Entries shown »

=== Section Start ===

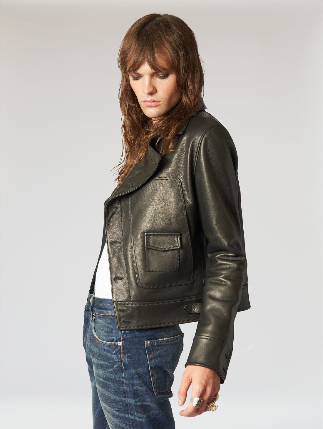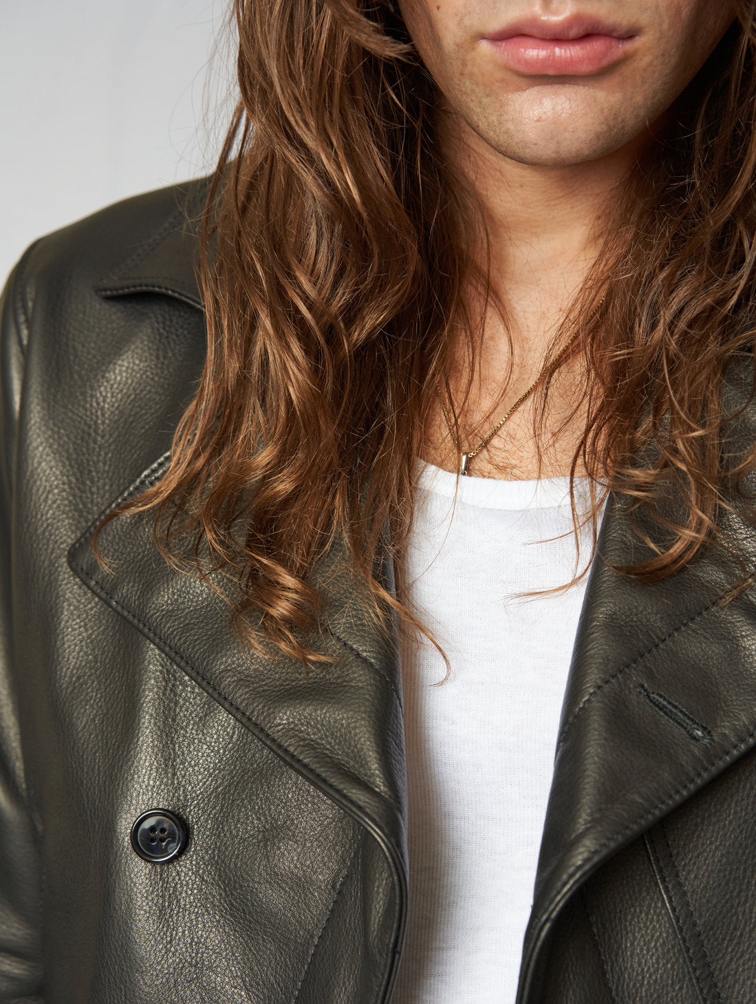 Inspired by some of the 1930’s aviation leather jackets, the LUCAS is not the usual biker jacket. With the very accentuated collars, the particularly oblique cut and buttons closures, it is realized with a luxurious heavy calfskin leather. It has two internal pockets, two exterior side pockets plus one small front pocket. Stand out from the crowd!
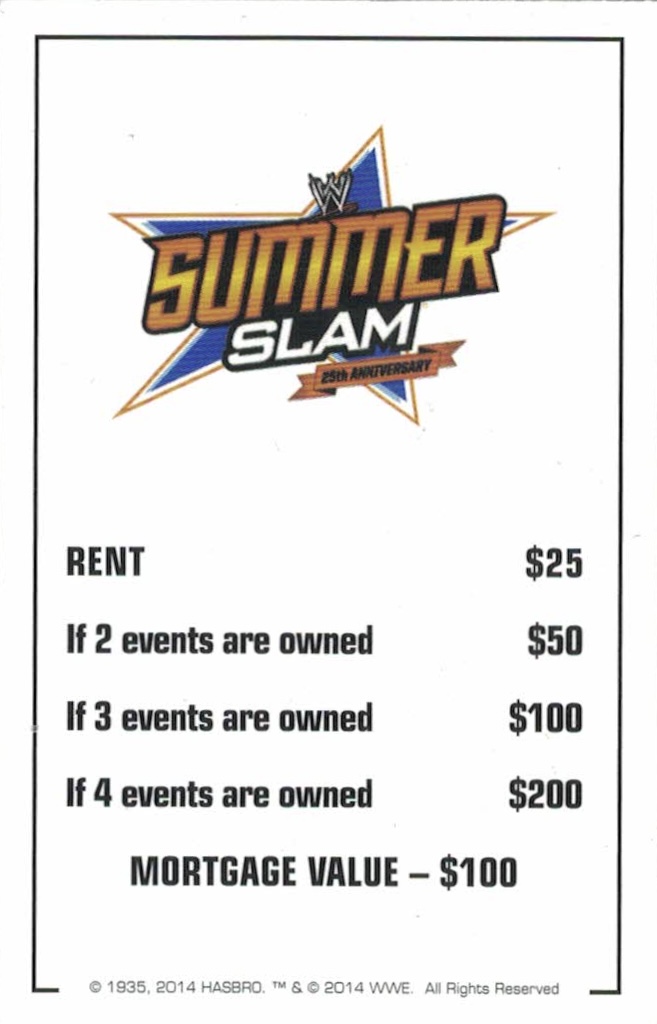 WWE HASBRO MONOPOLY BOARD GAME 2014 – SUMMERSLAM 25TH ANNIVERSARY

=== Section End ===
=== Section Start ===

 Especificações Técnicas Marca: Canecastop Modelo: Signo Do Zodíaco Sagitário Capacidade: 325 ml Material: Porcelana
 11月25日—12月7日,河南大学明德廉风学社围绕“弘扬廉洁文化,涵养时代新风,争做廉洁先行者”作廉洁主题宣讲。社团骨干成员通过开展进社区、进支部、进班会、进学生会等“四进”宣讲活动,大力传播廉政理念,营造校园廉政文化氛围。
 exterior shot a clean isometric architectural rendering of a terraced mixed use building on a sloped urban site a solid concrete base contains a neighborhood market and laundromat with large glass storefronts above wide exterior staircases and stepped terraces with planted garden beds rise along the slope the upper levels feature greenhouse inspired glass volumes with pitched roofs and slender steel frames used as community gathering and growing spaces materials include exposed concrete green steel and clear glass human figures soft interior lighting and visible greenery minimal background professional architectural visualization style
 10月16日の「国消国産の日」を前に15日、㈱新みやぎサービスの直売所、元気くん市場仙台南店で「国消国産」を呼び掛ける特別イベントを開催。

=== Section End ===

Aim of the task » Within the data above, repeat exactly the lines from the one bearing "Inspired by some" through the one bearing "WWE HASBRO MONOPOLY". Include no pictures and nothing else.

Output for this task »
 Inspired by some of the 1930’s aviation leather jackets, the LUCAS is not the usual biker jacket. With the very accentuated collars, the particularly oblique cut and buttons closures, it is realized with a luxurious heavy calfskin leather. It has two internal pockets, two exterior side pockets plus one small front pocket. Stand out from the crowd!
 WWE HASBRO MONOPOLY BOARD GAME 2014 – SUMMERSLAM 25TH ANNIVERSARY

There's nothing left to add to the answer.